The tap water samples from before and after the OneFlow unit were both light blue (slightly alkaline). This is not surprising, as the OneFlow unit does not affect pH and, since the water is hard, the calcium carbonate minerals make it slightly basic.
The Brita water, to my surprise and delight, turned green, which means it was pH neutral, and the filter I spend money on was actually doing something. The Kirkland water was also a shade of green. The Arrowhead spring water was the same blue color as the tap water, revealing that it has the same pH - a quality that probably varies depending on the source of the spring. And the distilled water turned orange, meaning it was acidic. This is because pure water absorbs CO2 from the atmosphere, causing it to read acidic.

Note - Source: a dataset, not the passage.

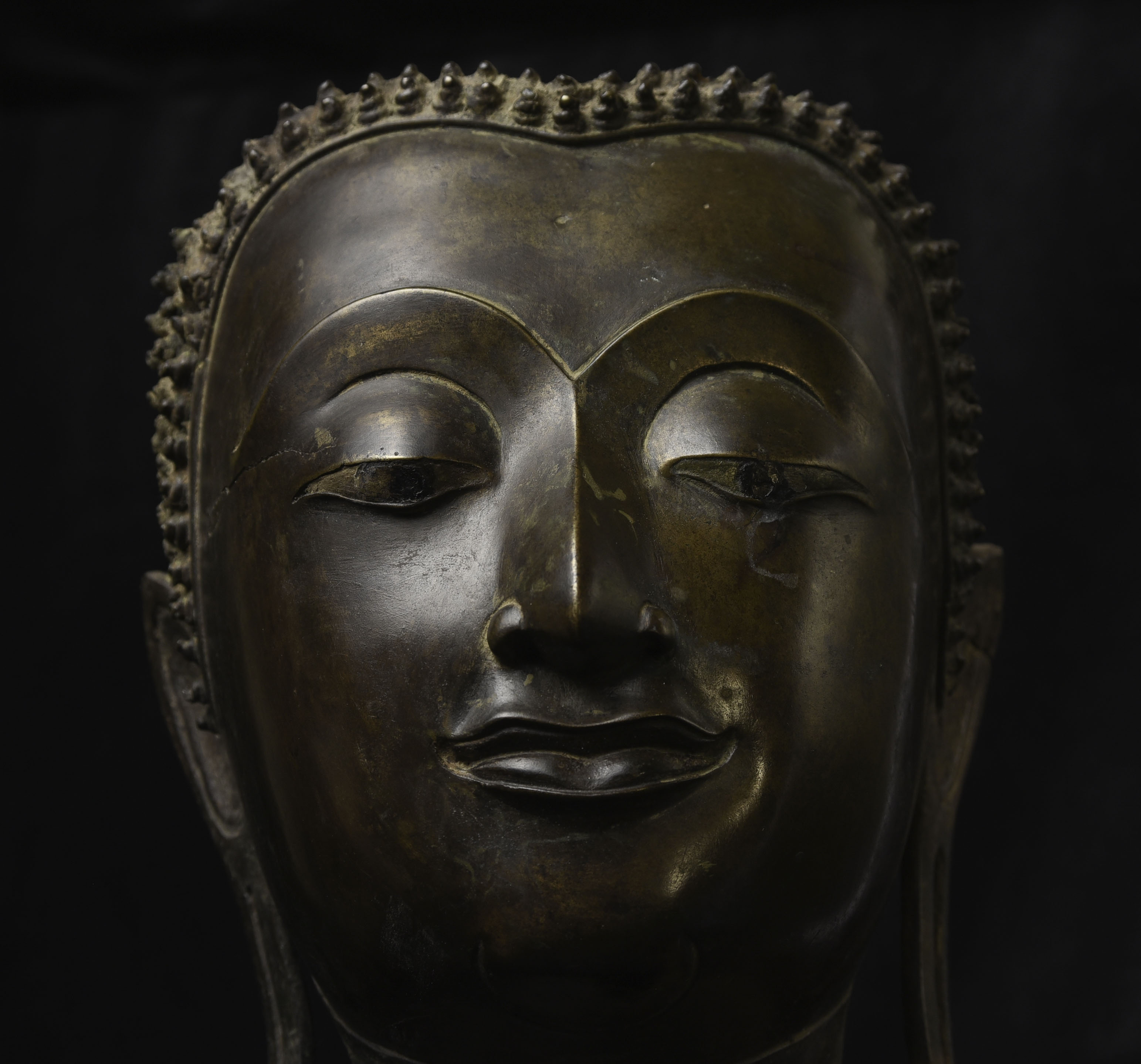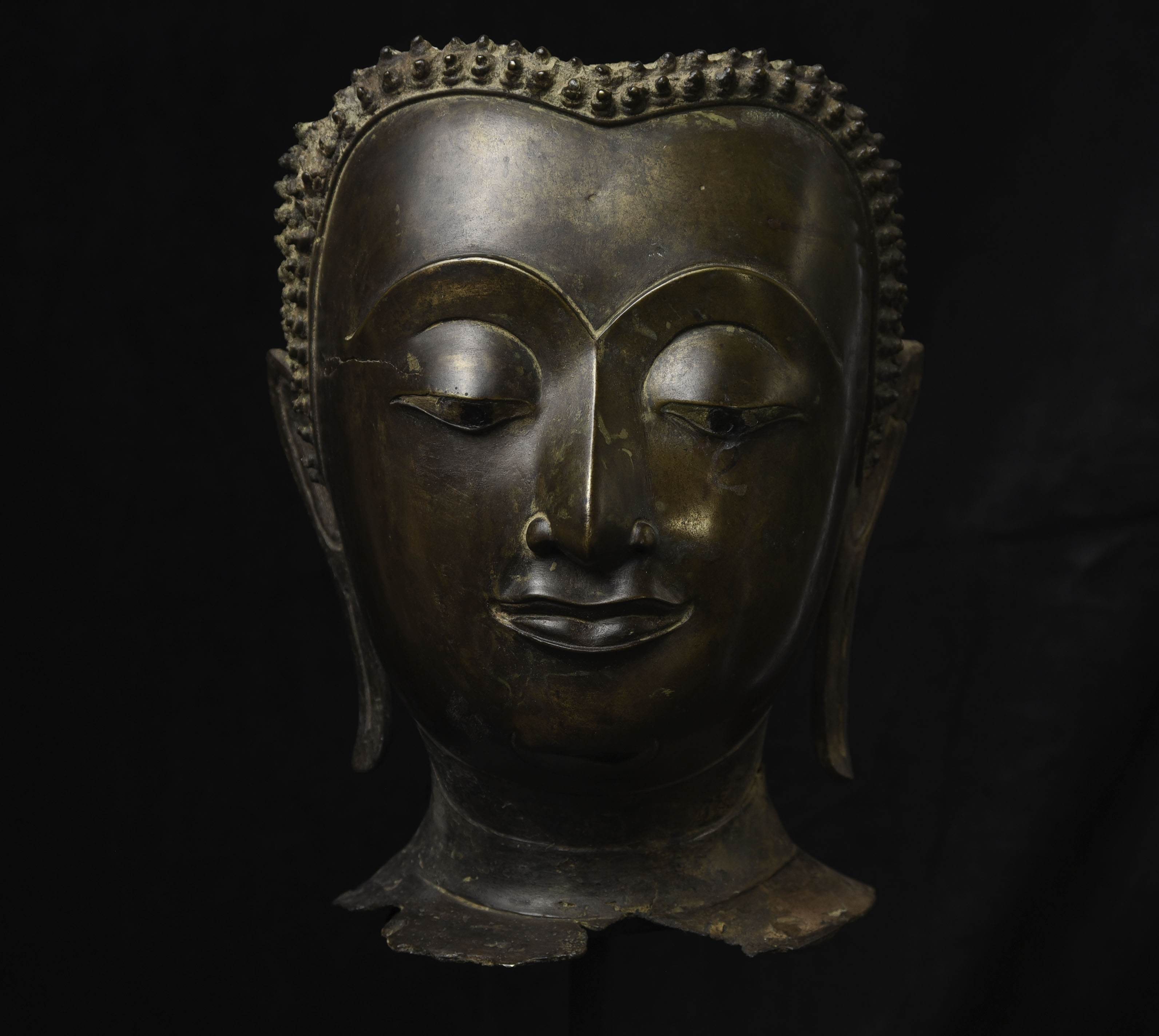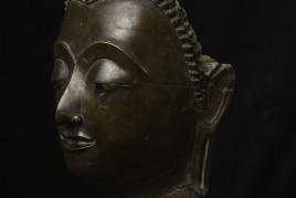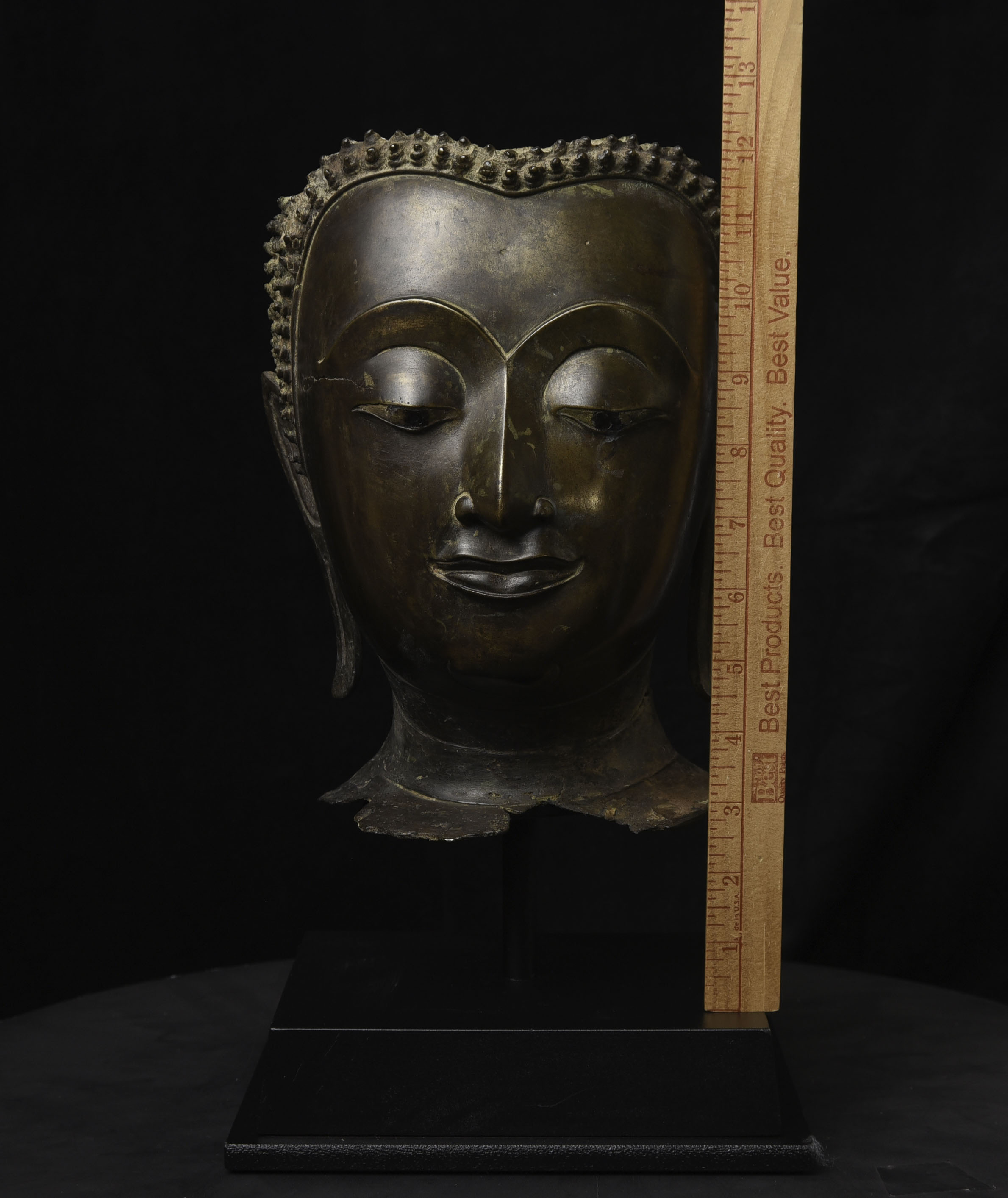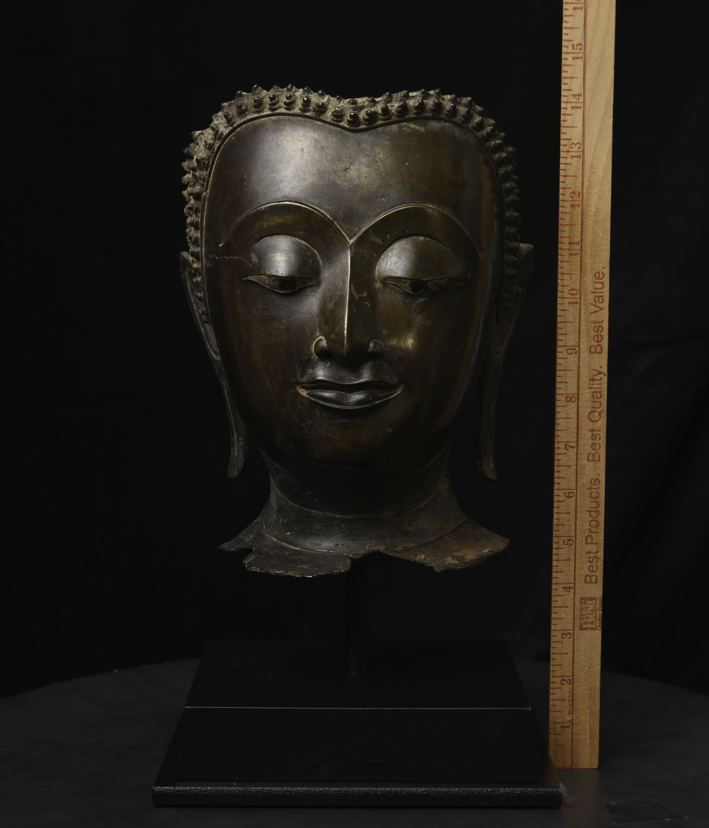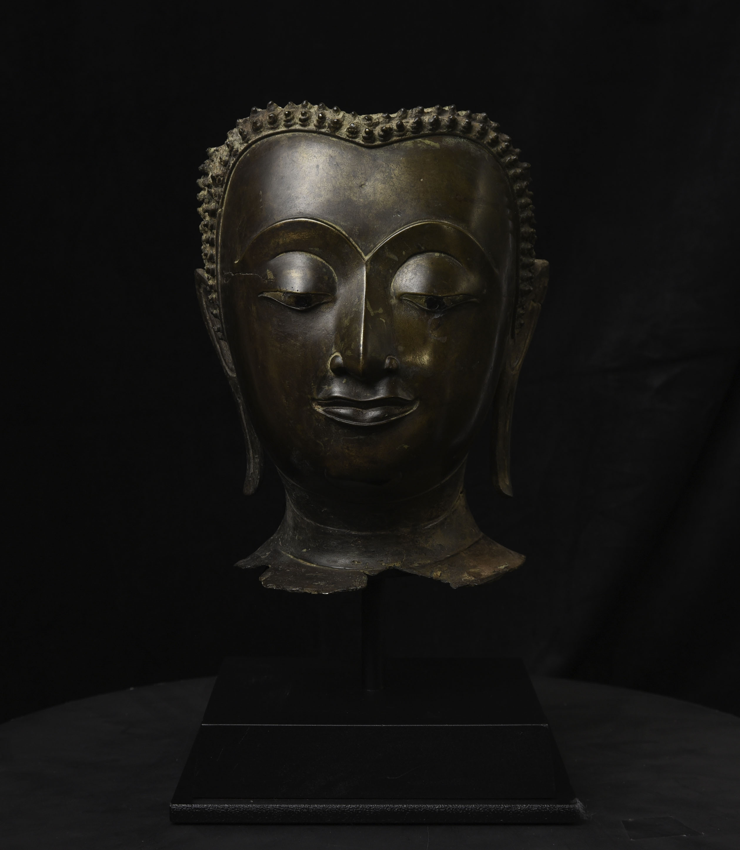Magnificent 15thC Thai Buddha partial head from a high-level or royal foundry. Originally part of a life-size Buddha that was cast in many parts. Even the head was cast in the highest-level boundary during the early Ayuthaya period. It was cast in several parts. This was done in order to be able to gain the highest level of detail and lifelike quality in the completed statue. It is from the Early Ayuthaya or possibly Kamphen Phet period (which occurred just after the Sukhothai period, near the beginning of the Ayuthaya period in Central Thailand) Grandfather of the fist King of Kamphen Phet was the last king of Sukhothai). 9.75"H for the bronze alone, not including the newly crafted custom museum-style base. World Class. ( H 9.75" x W 7.5" x D 6.75" )

If you believe the plethora of literature out there, acidic water is bad for the body, while alkaline water is good. The reason? Many are given, but the crux of the argument is that our bodies are slightly basic, with a pH of 7.3. Things we eat and drink tend to reduce the pH, such as distilled, CO2-rich water in carbonated beverages, acidic fruits and so on. Alkaline water is good at returning the body's pH to its normal alkaline state. There are, however, many counter arguments to this theory.
After the test I did some follow-up research on Kangen water. Kangen is not a brand but a type of water that has been produced and consumed in Japan for more than 30 years. It is the registered trademark of Enagic USA Inc., but they are not the only producers of Kangen-style water ionizers. Most of these units are designed to sit on the counter by your kitchen sink and divert water from the faucet outlet to a filter and ionizer. The ionizer splits the flow into two streams, one that has OH ions (the alkaline drinking water) and one with H+ ions (acidic wastewater). The wastewater is either discharged to the sink, or it can be saved and used for washing vegetables and other uses appropriate for acidic water.
The OH-rich Kangen water is said to increase blood oxygen by stabilizing free radicals. It is also claimed to have "micro-clusters" - water molecule clusters of five or six molecules per cluster, versus 10 to 13 molecules per cluster in tap water, allowing the water to be absorbed more readily by the body. Further, it is supposed to have a high negative oxidation-reduction potential, making it a powerful antioxidant.
I'm not sure how much legitimacy there is to all of these claims, as I have found no hard data to support them. Kangen water can't even be found in Wikipedia, and I was under the growing impression that everything existed there. But that does not mean that there may not be great value to be had from this water. It may be smoke and mirrors, or it may have magical potency, like Chinese teas. Of course, there is the possibility that it could be bad for you or for certain people. The bottom line? I plan to continue drinking my slightly alkaline tap water, augmented with the Brita filtered water and a little beer and wine, just for good measure.
Timothy Allinson is a Senior Professional Engineer with Murray Company, Mechanical Contractors, in Long Beach, Calif. Prior to entering the design--build industry he worked for Popov Engineers, Inc. in Irvine, Calif, and JB&B in New York City. Tim holds a BSME from Tufts University and an MBA from New York University. He is a professional engineer licensed in both mechanical and fire protection engineering in various states, and is a leed Accredited Professional. Tim is a past-president of ASPE, both the New York and Orange County Chapters, and sits on the board of the Society of American Military Engineers, Orange County Post.